Great. Now the attention is officially on Elliot. “It was okay,” I say. “I didn’t do … too much? I guess?”

“Work got called off early, huh?” Mom says, shifting dark bangs away from her face. Her features look soft in the yellow light of the lamp on our couchside table. “What did you do all day?”

I freeze. Aside from carrying fish girls around and abusing my poor obese old-man dog? “What do you mean?”

“Did you hang out with Duncan and Neema?” she says coolly, but I can hear a stronger trace of accent, a more musical lilt than usual—and the accent? It means she already knows the answer. This is a test. A test she is all-too-prepared for me not to pass.

“No,” I say, because it’s better to be honest in times like these. Neither of their expressions change. Dad is still seemingly miffed, whilst Mom is hard as rock. “I ended up talking to my new coworker.”

Dad now raises his brows. “New coworker?”

“What’s his name?” Mom asks.

“Her name is Alyssa,” I say. “She just moved here. Figured I would get to know her a little bit.”

“Get to know her a little bit,” Dad echoes. Next to him, Mom shifts uncomfortably.

I try to keep my expression blank—they’ll take anything I do, any slight shift, and exacerbate it. There’s nothing I think I’m keeping from them, but you can never tell. There have been too many times where I feel alone in my own house, and it’s absolutely insane. Somedays, I hate it here. And I really do not need this to be one of those days.

“Yeah,” I say, voice as even as possible, “get to know her a little bit. Why?”

They both seem a little incredulous. “Well, that’s new for you,” Mom says. I hate the snark in her voice. There’s nothing she can do about it, based on past behaviours, but I still wish it wasn’t so.

“Thanks, Mom,” I bite back, light and fragile.

Dad sits forward, placing his hands on his knees. “So, what do you think of her? Is she nice? Eh?

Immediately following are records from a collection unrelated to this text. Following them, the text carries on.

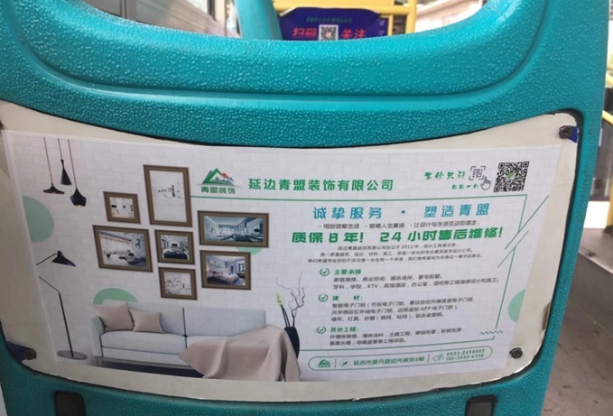 所在地区吉林省>延边>延吉市 媒体地址公交车内 乘客座椅背板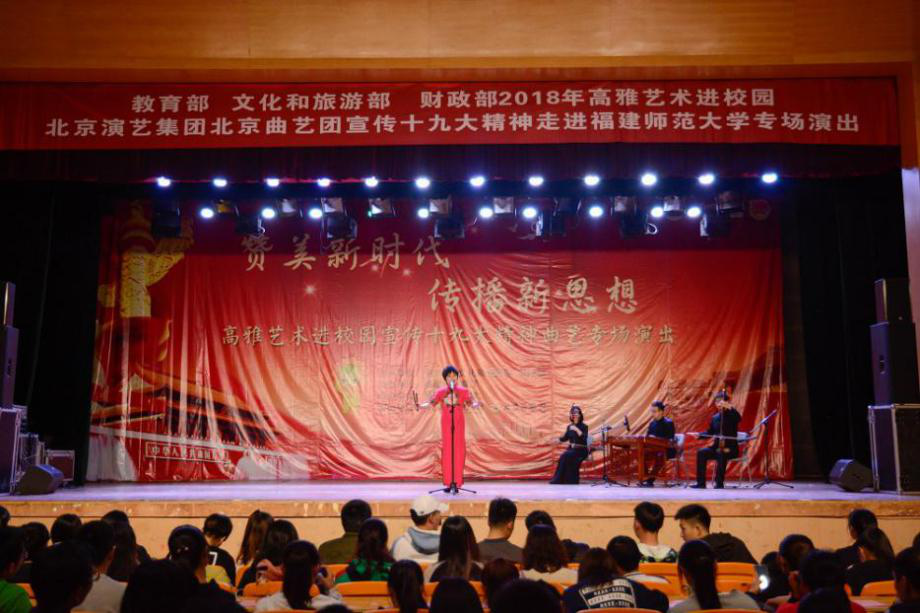 “赞美新时代 传播新思想”,11月21日,由教育部、文化和旅游部、财政部主办,省教育厅协办,我校承办的高雅艺术进校园宣传党的十九大精神曲艺专场演出在青春剧场隆重上演,共吸引了一千余名学生到场观看。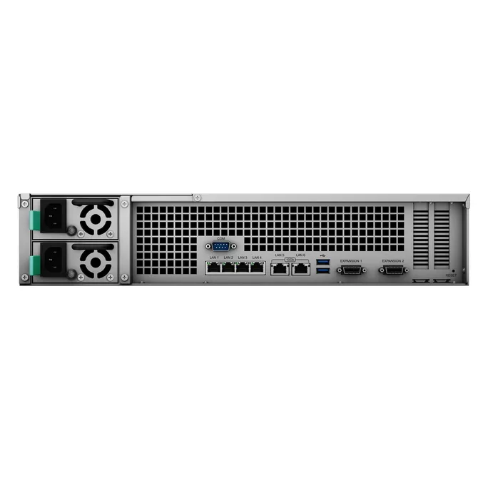 • Bietet 12 Einschübe für SATA HDD/SSD-Laufwerke mit 2,5/3,5″5, mit zwei Synology-Expansionseinheiten RX1217(RP) auf bis zu 36 Einschübe erweiterbar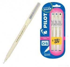 Pilot Hi Tech 05 pen with unique 3-dimple tip technology for precision writing, 0.5 tungsten carbide ball for consistent line width of 0.3 mm, writing length – 1500 meters, 3 times that of any needle point gel pen.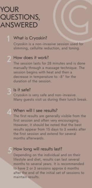 “Available here at Syracuse Silhouette, CryoSkin is a revolutionary treatment from Italy that uses hot and cold massage to permanently destroy fat cells, while toning and tightening skin.”

Totally blah?”

“She’s pretty alright,” I say after a moment’s hesitation. “Like, I didn’t get to know her too well, but … yeah.”

The kitchen timer goes off, stalling my interrogation. “Well,” Mom says, leaping up and clapping her hands, “we were feeling lazy tonight, so we made some pizza, and then we’ll watch a movie. We feeling The Crucible or no?”

“Ugh, Mom, do I really have to watch a movie today?” I know they won’t like this, but the thought of being here, of fending off jabs and questions, is just too much. Alyssa’s tail; Alyssa’s closed eyes; Alyssa’s mouth pulled in a tight, painful line—they won’t stop flashing in my head. I just can’t help it. Today, it’s just too much. I need an everyone break.

Dad turns his show back up as Mom freezes between the couch and the kitchen door. “Yes. You’re watching a movie with us.”

“Dad—”

“You’re gonna watch Daniel Day Lewis die, and you are going to love it,” Mom says. “Now, go wash your filthy hands.”

“You know,” Dad says as mom turns off the kitchen timer, looking at me finally, “we don’t see much of you anymore. It’s almost as if we don’t know you. You’re a complete stranger, Elliot.”

I awkwardly shift from side to side. “Sorry. Just … I’m really tired.”

He narrows his eyes, a look I know I have all too often. “You’re fine. You’re gonna eat, you’re gonna shower, and then you’re gonna watch Winona Rider grab some crotches.”

I try and smile before plopping down onto the floor and stroking Bader, who lucks up at me with sad eyes that say I had to pee. I press my nose against his scruff and give him an apology hug before pulling away and saying, “Okay, Dad.”

He smiles back. And continues to watch his show. Which is fine—more than fine.

Not talking? Absolutely fucking perfect.